Provide an exact copy of the data, excluding the images.

### INFORMATION SUPPLIED
—————
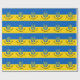 Wrapping paper with the flag of Ukraine, a blue and yellow flag with the Ukrainian coat of arms (emblem) with a trident in the centre, and a custom text template for your message
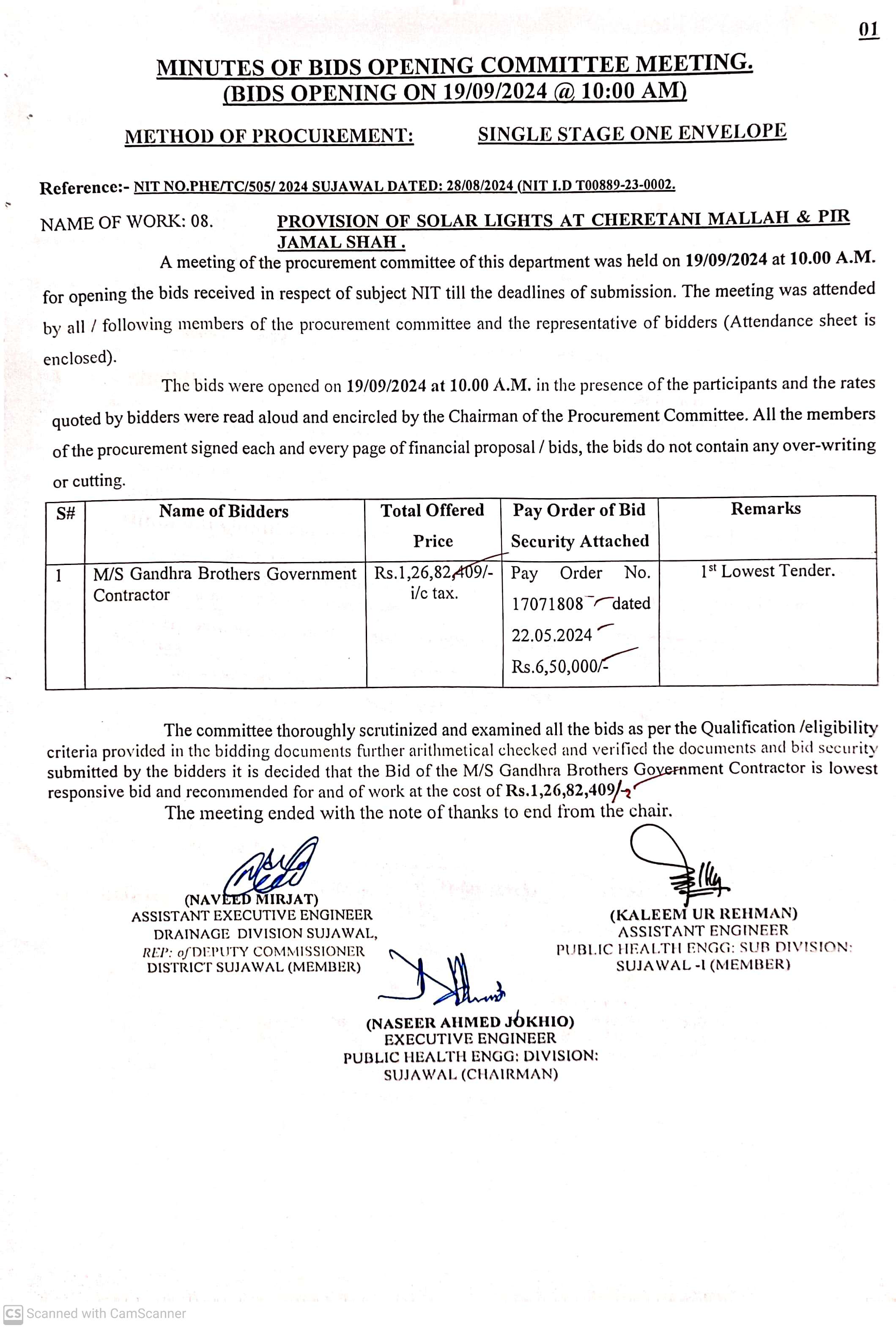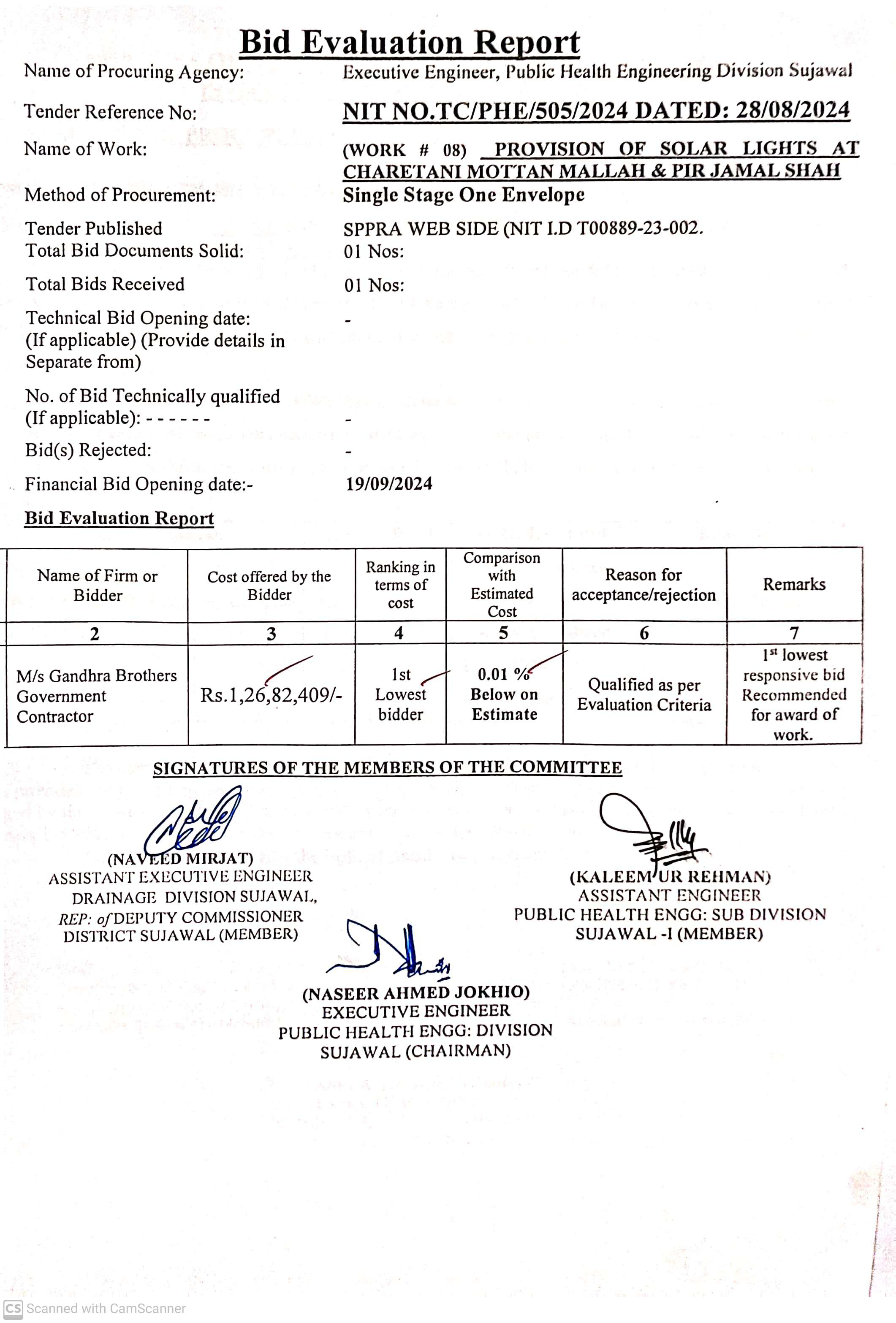 | T00889-23-0002 | BE00889-23-0002-1 | 1. PROVISION OF SOLAR LIGHTS AT VILLAGE SATIYANI SHARIF | Executive Engineer Public Health Engineering Division Sujawal (34-Public health Engineering Department) | 20-09-2024 | Sujawal | Active |
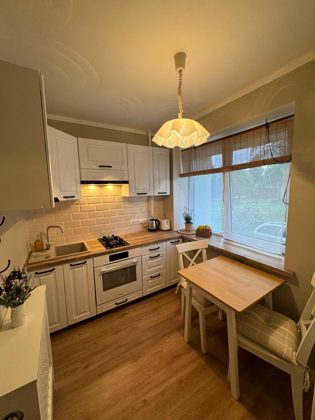 I am happy to present you with a newly renovated cozy apartment in the heart of Birzai. This 42 sq.m apartment on the first floor is perfect for traveling couples or a small family of four. Here you will find a nice bedroom with a double bed, a sofa bed in the living room, a fully equipped kitchen and a bathroom. Advantage - free parking space. A quiet and at the same time convenient place is located near a shopping center, a small local store, a coffee shop and a tourist attraction.
—————
### TASK RESULT
 Wrapping paper with the flag of Ukraine, a blue and yellow flag with the Ukrainian coat of arms (emblem) with a trident in the centre, and a custom text template for your message
 | T00889-23-0002 | BE00889-23-0002-1 | 1. PROVISION OF SOLAR LIGHTS AT VILLAGE SATIYANI SHARIF | Executive Engineer Public Health Engineering Division Sujawal (34-Public health Engineering Department) | 20-09-2024 | Sujawal | Active |
 I am happy to present you with a newly renovated cozy apartment in the heart of Birzai. This 42 sq.m apartment on the first floor is perfect for traveling couples or a small family of four. Here you will find a nice bedroom with a double bed, a sofa bed in the living room, a fully equipped kitchen and a bathroom. Advantage - free parking space. A quiet and at the same time convenient place is located near a shopping center, a small local store, a coffee shop and a tourist attraction.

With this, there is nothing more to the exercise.